First, we'll prepare our environment and load our myoglobin alignment into a [scikit-bio ``Alignment`` object](http://scikit-bio.org/docs/latest/generated/skbio.alignment.Alignment.html).

In [1]:
from skbio import Alignment, ProteinSequence

aln = Alignment.read('data/globin-aln.fasta', constructor=ProteinSequence)

## Exploring a sequence alignment

We can next get some information about this alignment. For example, we can easily see that there are 43 sequences in this alignment, and that it's 154 characters long. By definition, there is no variance in sequence length in an alignment, hence the standard deviation of 0.00. For this reason, it's common to think of an alignment as a matrix, where rows represent sequences and columns represent positions in the sequences.

In [2]:
aln

<Alignment: n=43; mean +/- std length=154.00 +/- 0.00>

There are also some mechanisms in place to get more direct access to this information. For example:

In [3]:
aln.sequence_count()

43

In [4]:
aln.sequence_length()

154

In [5]:
sequence_count, sequence_length, sequence_length_std = aln.distribution_stats()
print(sequence_count, sequence_length, sequence_length_std)

(43, 154.0, 0.0)


The sequence identifiers in this alignment contain the genus and species that each sequence is dervied from. We can see what those are by printing the ids.

In [6]:
for e in aln.ids():
    print(e)

hemoglobin-human
Ornithorhynchus.anatinus-platypus
Tachyglossus.aculeatus-short.beaked.echidna
Macropus.rufus-red.kangaroo
Castor.fiber-eurasian.beaver
Ondatra.zibethicus-muskrat
Kogia.breviceps-pygmy.sperm.whale
Physeter.catodon-sperm.whale
Ziphius.cavirostris-beaked.whale
Orcinus.orca-killer.whale
Phocoenoides.dalli.dalli-porpoise
Balaenoptera.physalus-fin-whale
Inia.geoffrensis-amazon.river.dolphin
Canis.lupus.familiaris.dog
Bos.taurus-cattle
Ovis.aries-sheep
Elephas.maximus-asian.elephant
Equus.caballus-horse
Mus.musculus-mouse
Zalophus.californianus-california.sea.lion
Orycteropus.afer-aardvark
Ctenodactylus.gundi-common.gundi
Tupaia.chinensis-treeshrew
Lagostomus.maximus-viscacha
Proechimys.guairae-guaira.spiny.rat
Ochotona.princeps-american.pika
Nannospalax.ehrenbergi-blind.mole.rat
Lutra.lutra-otter
Meles.meles-badger
Didelphis.virginiana-opossum
Callithrix.jacchus-marmoset
Lagothrix.lagotricha-brown.woolly.monkey
Saimiri.sciureus-common.squirrel.monkey
Rousettus.aegyptiacus-eg

We can also explore some more interesting features of this alignment. For example, we can compute the positional entropy, which is the Shannon entropy (usually abbreviated as ``H``) at each position (or column) in the alignment. In this case, we're going to treat gap characters as another *character* in the amino acid alphabet, though the right way to handle gaps in alignments when computing entropy is debatable. 

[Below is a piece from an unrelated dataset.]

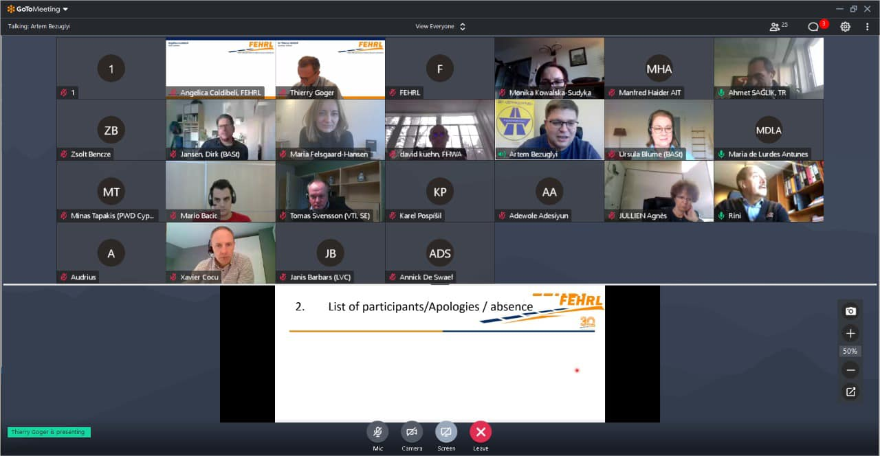 22 листопада 2021 року директор ДП «ДерждорНДІ» Артем Безуглий взяв участь у онлайн-засіданні Генеральної асамблеї Міжнародної асоціації європейських дорожніх та транспортних науково-дослідних інститутів FEHRL.

To learn more about positional entropy and information theory, see the references in the ``Alignment.positional_entropies`` help text, either on the scikit-bio website [here](http://scikit-bio.org/docs/latest/generated/skbio.alignment.Alignment.position_entropies.html) or by calling  ``help(Alignment.positional_entropies)`` in this notebook.

To keep our entropy values in the range of zero to one, we're going to pass ``base=21`` here. This is the number of characters in the canonical amino acid alphabet (20) plus the gap character. 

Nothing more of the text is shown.